Provided data
◇ ◇ ◇
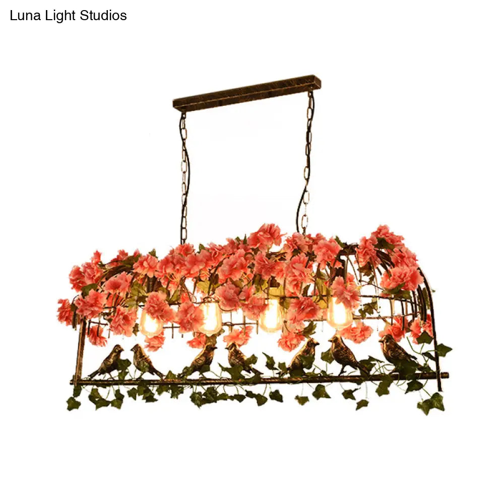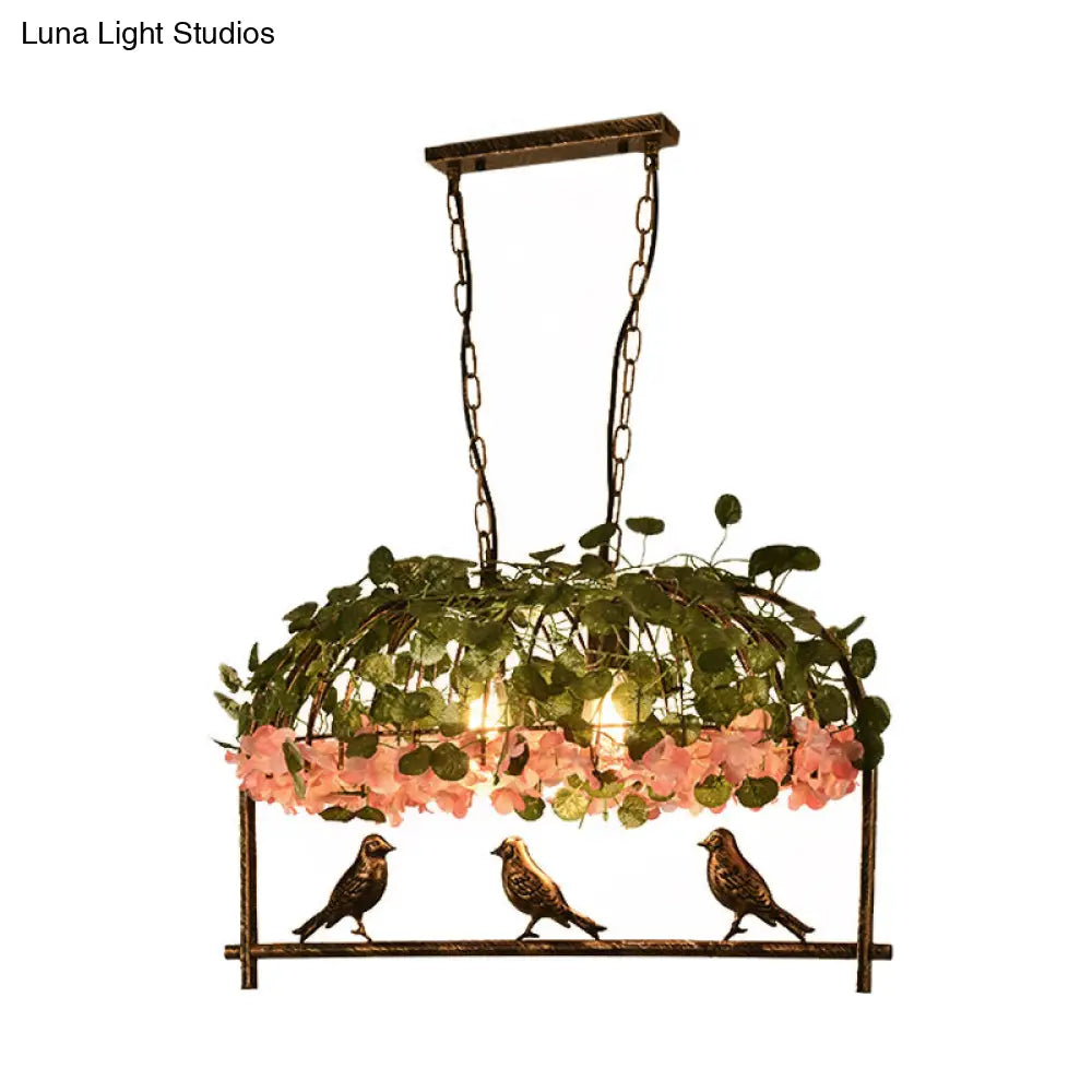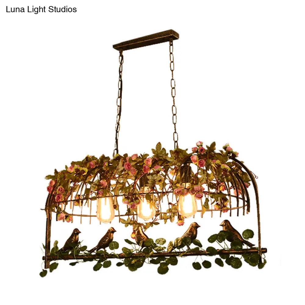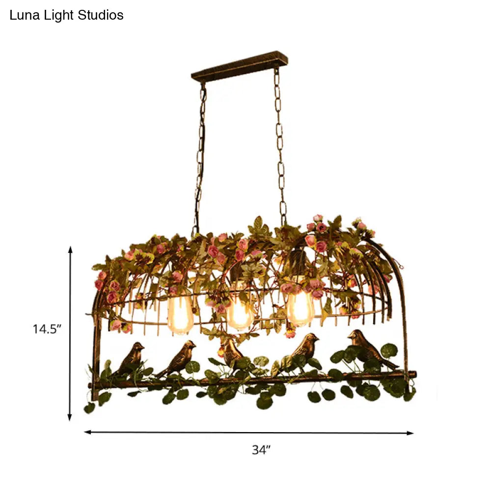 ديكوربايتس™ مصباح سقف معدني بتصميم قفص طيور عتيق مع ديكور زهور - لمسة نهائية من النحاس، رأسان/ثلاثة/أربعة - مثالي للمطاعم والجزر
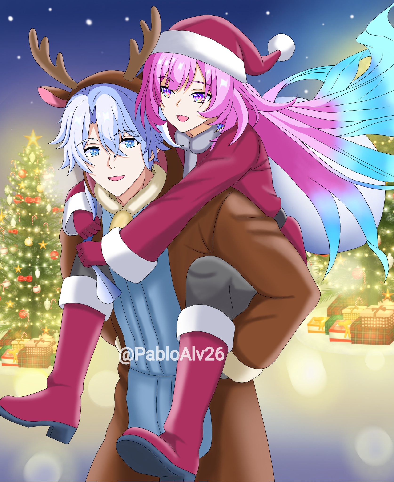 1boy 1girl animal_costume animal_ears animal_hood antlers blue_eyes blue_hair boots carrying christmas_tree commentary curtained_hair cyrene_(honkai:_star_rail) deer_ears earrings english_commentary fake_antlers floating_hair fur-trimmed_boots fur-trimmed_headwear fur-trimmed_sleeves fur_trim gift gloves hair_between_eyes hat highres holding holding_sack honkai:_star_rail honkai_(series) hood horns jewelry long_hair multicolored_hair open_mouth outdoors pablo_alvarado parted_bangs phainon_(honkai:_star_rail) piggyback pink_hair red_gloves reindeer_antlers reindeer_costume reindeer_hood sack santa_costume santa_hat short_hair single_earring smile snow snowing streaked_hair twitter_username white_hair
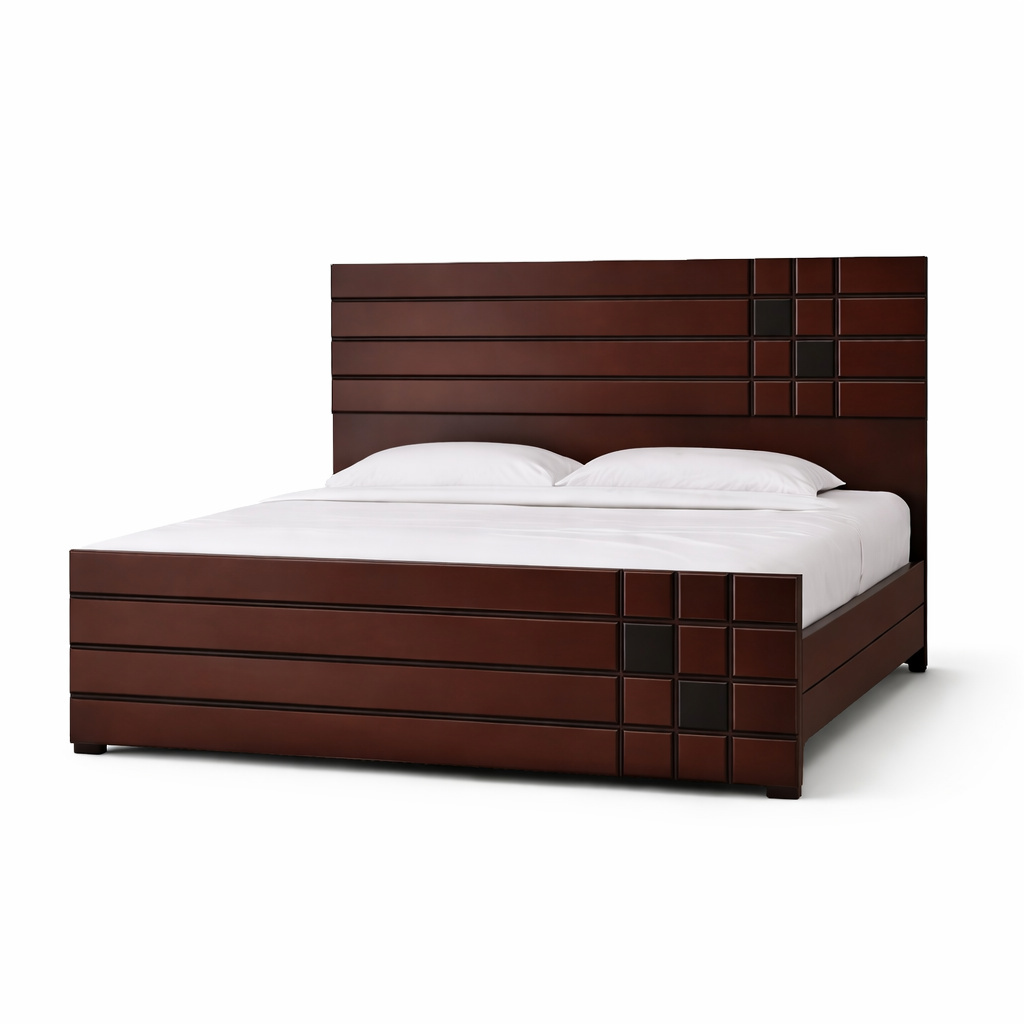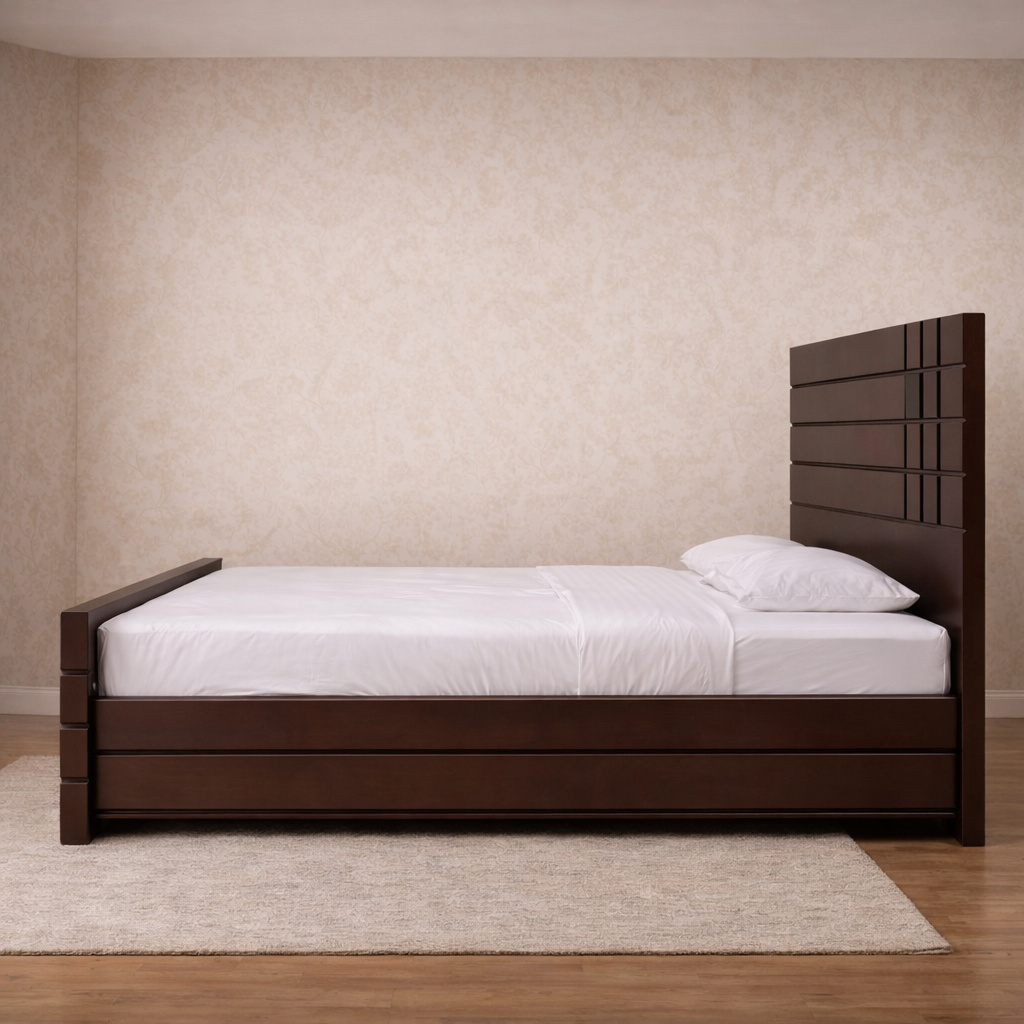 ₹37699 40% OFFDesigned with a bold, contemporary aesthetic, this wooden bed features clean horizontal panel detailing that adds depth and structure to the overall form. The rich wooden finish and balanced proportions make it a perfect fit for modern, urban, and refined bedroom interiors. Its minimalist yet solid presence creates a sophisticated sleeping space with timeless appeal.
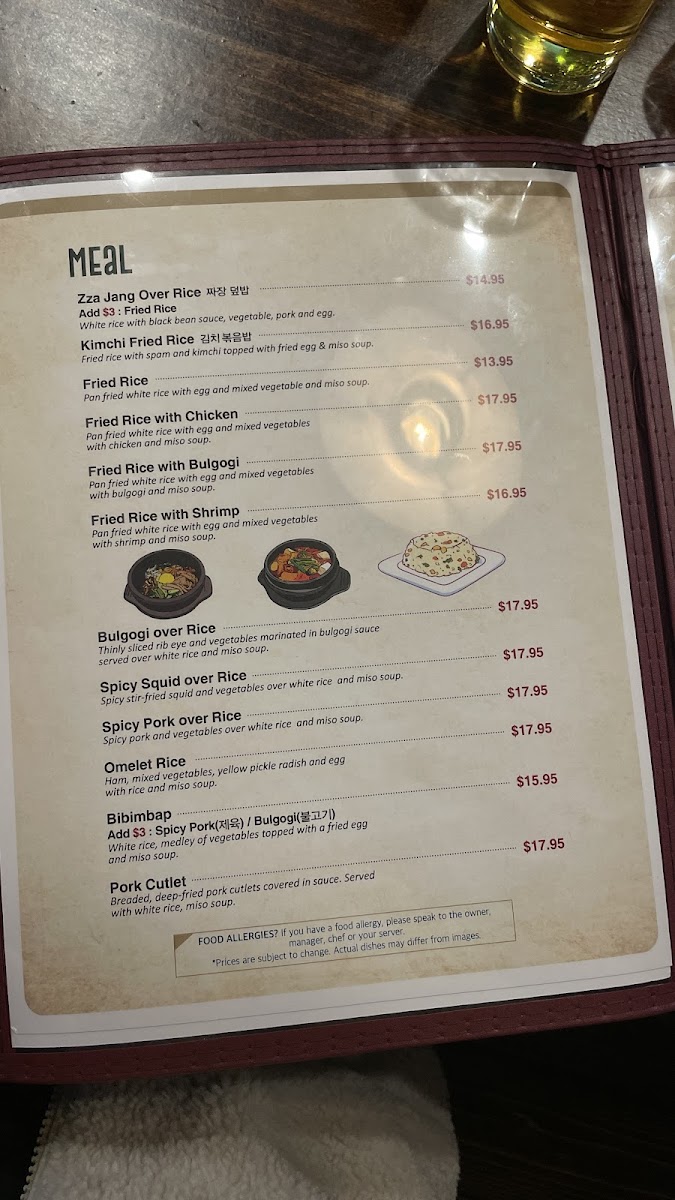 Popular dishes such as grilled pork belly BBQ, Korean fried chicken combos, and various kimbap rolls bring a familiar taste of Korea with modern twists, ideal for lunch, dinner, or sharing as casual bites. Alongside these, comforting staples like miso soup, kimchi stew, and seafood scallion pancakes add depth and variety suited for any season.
◇ ◇ ◇
Problem to solve
Please retype the lines from the one that contains "with timeless appeal." through the final line of the data, both included, without any pictures.

Exercise solution
 ₹37699 40% OFFDesigned with a bold, contemporary aesthetic, this wooden bed features clean horizontal panel detailing that adds depth and structure to the overall form. The rich wooden finish and balanced proportions make it a perfect fit for modern, urban, and refined bedroom interiors. Its minimalist yet solid presence creates a sophisticated sleeping space with timeless appeal.
 Popular dishes such as grilled pork belly BBQ, Korean fried chicken combos, and various kimbap rolls bring a familiar taste of Korea with modern twists, ideal for lunch, dinner, or sharing as casual bites. Alongside these, comforting staples like miso soup, kimchi stew, and seafood scallion pancakes add depth and variety suited for any season.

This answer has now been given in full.